Judge Otis D. Wright II dismissed the suit on Monday because McGowan, who fired her lawyers last month and was acting as her own attorney, failed to meet filing deadlines that had been extended for her.

Wright had dismantled much of McGowan's suit last year, but has now thrown it out entirely. Its central claim, that Weinstein violated federal racketeering law, was dismissed with prejudice, meaning it cannot be refiled.

Weinstein Spokesman Juda S. Engelmayer said in an email Tuesday that “out of the public glare, with proper time, legal work, evidence and facts, this is the way we believe these suits will ultimately all go. A chapter is put behind as Mr.

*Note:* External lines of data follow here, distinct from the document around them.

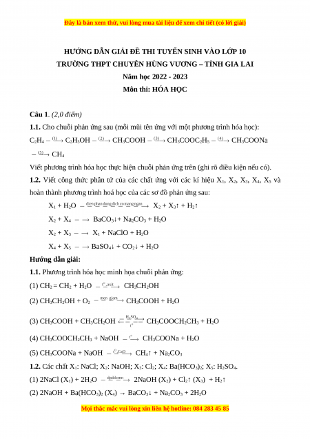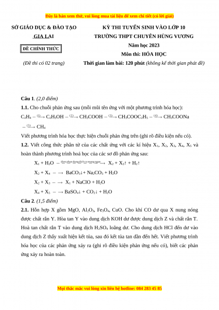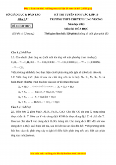 Đề thi vào 10 môn Hóa học năm 2023 - Trường THPT Chuyên Hùng Vương
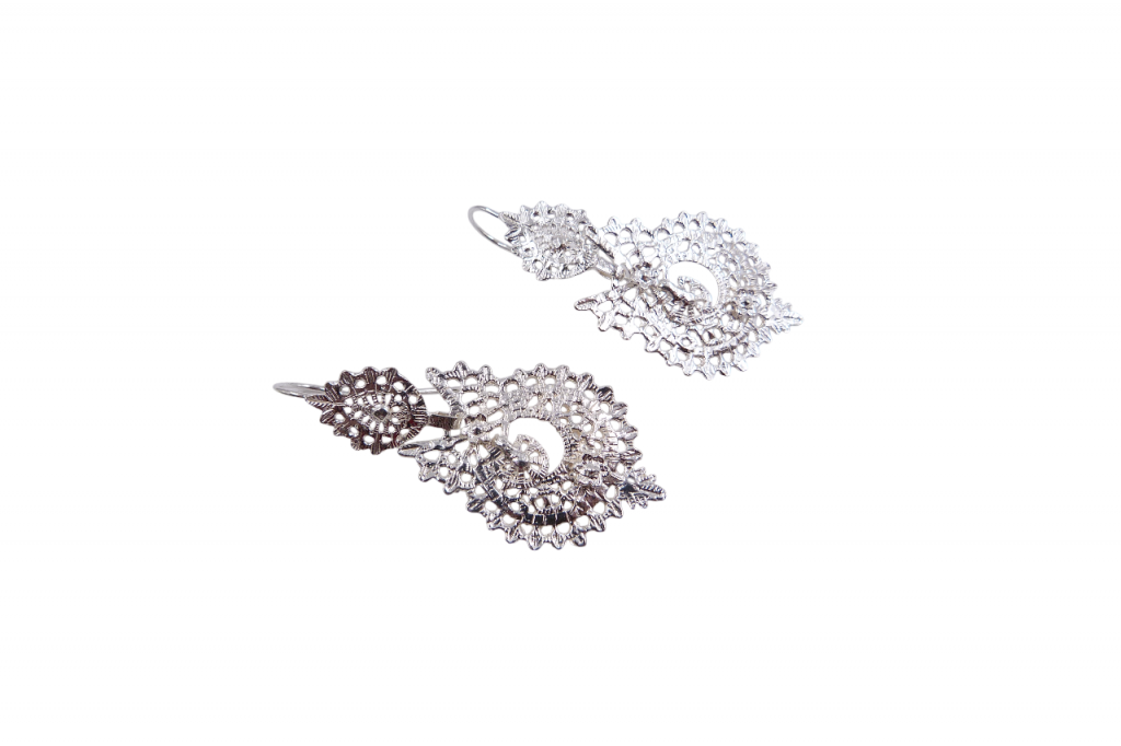 Brincos de prata em filigrana, de gancho.
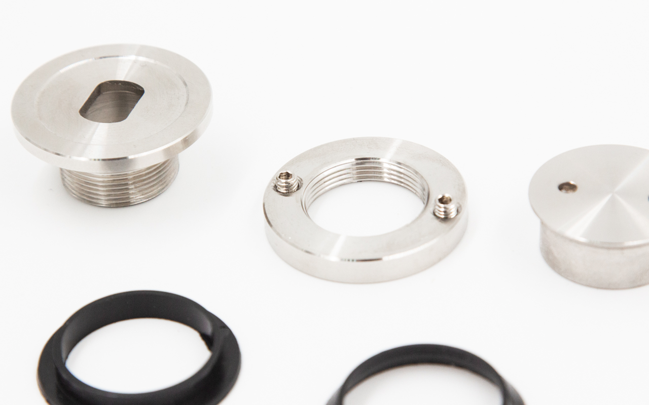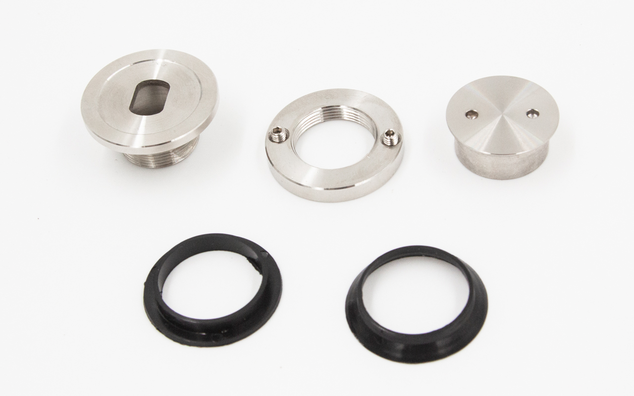 откручиваем "хрюшку" с помощью ключа k367, устанавливаем фланец к стене с помощью дюбеля-самореза. Надеваем первую часть уплотнителя, устанавливаем стекло в заранее подготовленный вырез, и закрываем ответной частью "хрюшки" с уплотнителем, затягиваем обратно стекло.

Weinstein keeps going forward to demonstrate the truth.”

A representative for McGowan who could comment could not immediately be found. She has not commented on the dismissal on social media.

The suit filed in 2019 in Los Angeles said that Weinstein, along with two of his former lawyers and an Israeli intelligence firm, conspired to defraud, smear and marginalize McGowan as she was preparing to name Weinstein during the run-up to the explosion of the #MeToo movement late in 2017.

The Associated Press does not typically name people who say they were victims of sexual abuse, unless they come forward publicly as McGowan repeatedly has.

In a different Los Angeles courtroom on Tuesday, a judge rejected a motion from Weinstein's attorneys to dismiss a criminal indictment of Weinstein for 11 counts of sexual assault. Weinstein's lawyers had argued that an expert in “rape trauma syndrome” was improperly used by prosecutors in grand jury testimony.

Weinstein has pleaded not guilty to four counts of rape and seven other sexual assault counts. He is awaiting trial. No date has been set.

The 69-year-old former movie mogul is serving a 23-year prison sentence after convictions of rape and sexual assault in New York.